Страница 12 из 14
Когда посетители вышли из кабинета, забрав девочку, доктор усмехнулся:
– Эти идиоты нам не опасны, чинить препятствий не станут. Однако за матерью необходим глаз да глаз!
– Может, все же ликвидировать? – произнесла нянечка, не переставая улыбаться.
Но доктор качнул головой:
– Я же сказал, нет! Не исключено, женщина нам еще пригодится, если с мальчиком что-то случится. Ведь выносить младенца только она в состоянии!
О том, что случилось в роддоме, Марина помнила плохо. Вернее, даже совсем не помнила. Однако ее любимая свекровь Полина Геннадьевна (намекавшая, будто она – княжеского рода, что, несомненно, было выдумкой) не упустила возможности на второй же день после возвращения невестки домой попрекнуть ее тем, что та пыталась от собственной дочки отказаться.

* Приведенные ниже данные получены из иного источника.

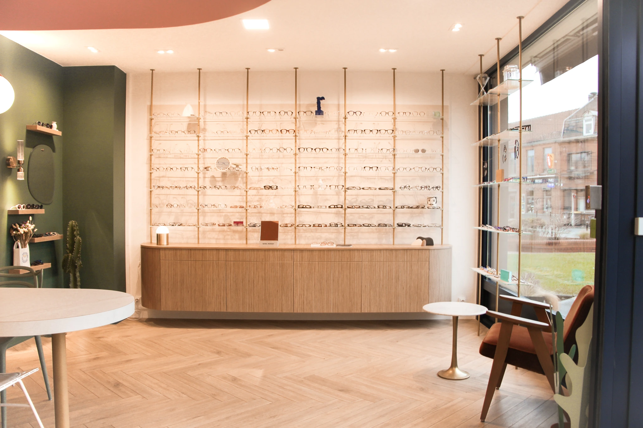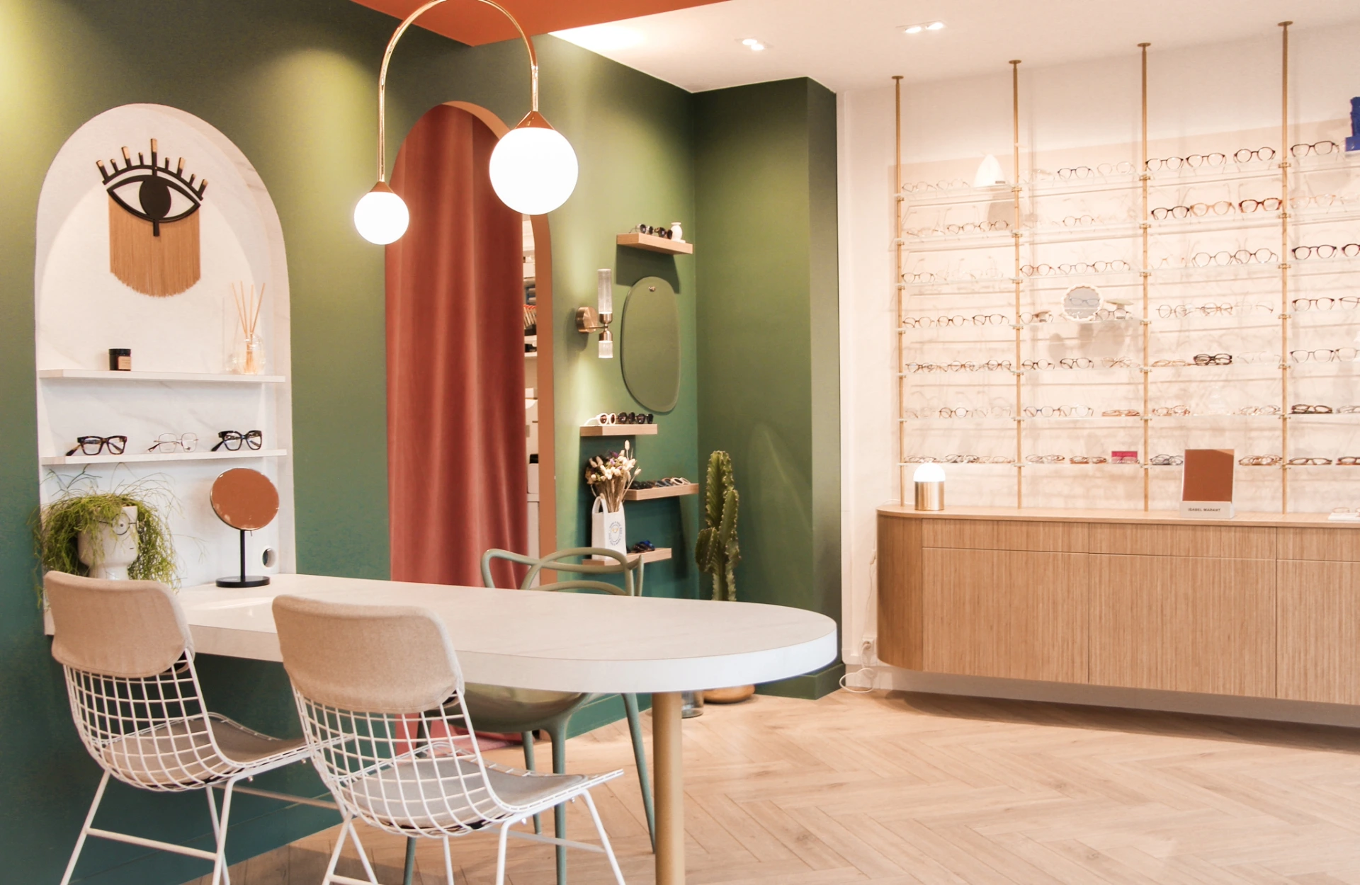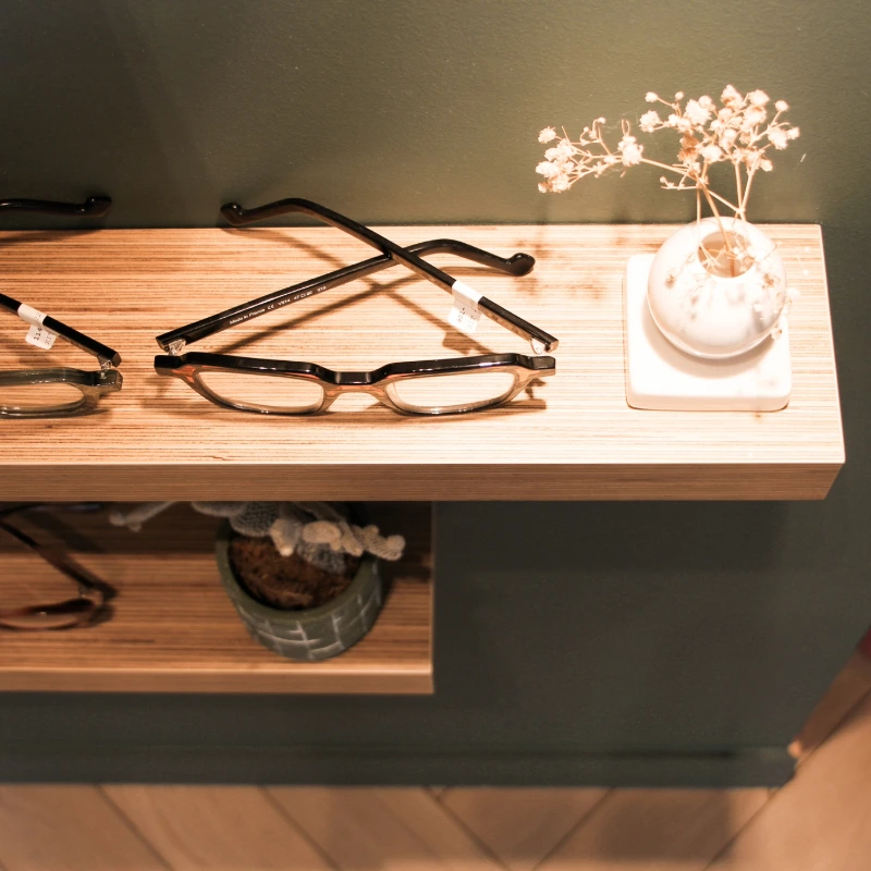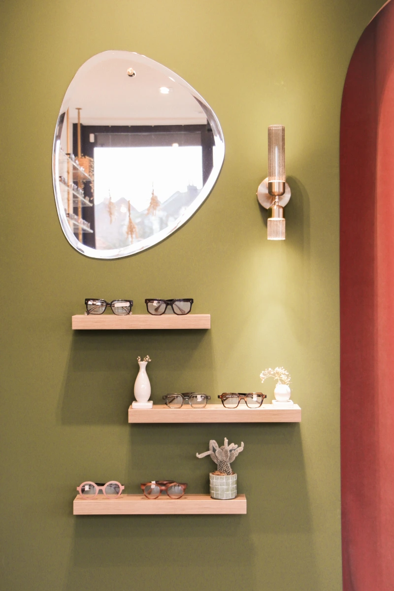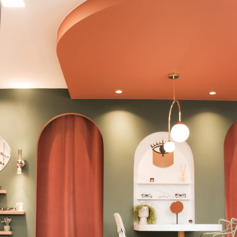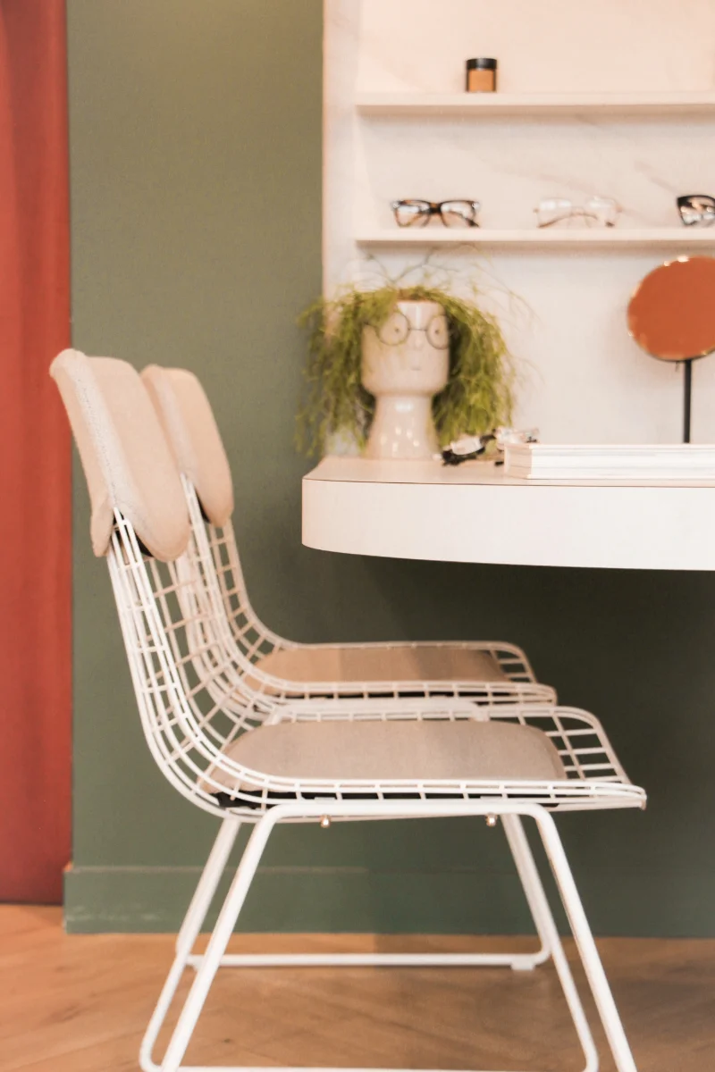 Ce local commercial a été entièrement repensé pour accueillir un magasin d’optique. L’objectif principal de notre client était de créer une atmosphère chaleureuse et conviviale, où l’on se sent « comme à la maison ». Chaque mètre carré a été optimisé avec soin pour tirer le meilleur parti de ce local de 37m². Matériaux chaleureux, teintes douces et détails soignés ont été choisis pour rappeler les codes de l’habitat et offrir une expérience client à la fois cosy et fonctionnelle.

Девочку назвали Светланой в честь матери Полины Геннадьевны. Мнением Марины никто на сей счет не поинтересовался. Своих родителей она не знала, выросла в детдоме, поэтому и некому было ее защитить от нападок свекрови.
И все же смутные мысли о случившемся в роддоме начали сплетаться в таинственный узор. Марина никак не могла вспомнить чего-то важного, ключевого, однако она прекрасно знала: Света – не ее дочь.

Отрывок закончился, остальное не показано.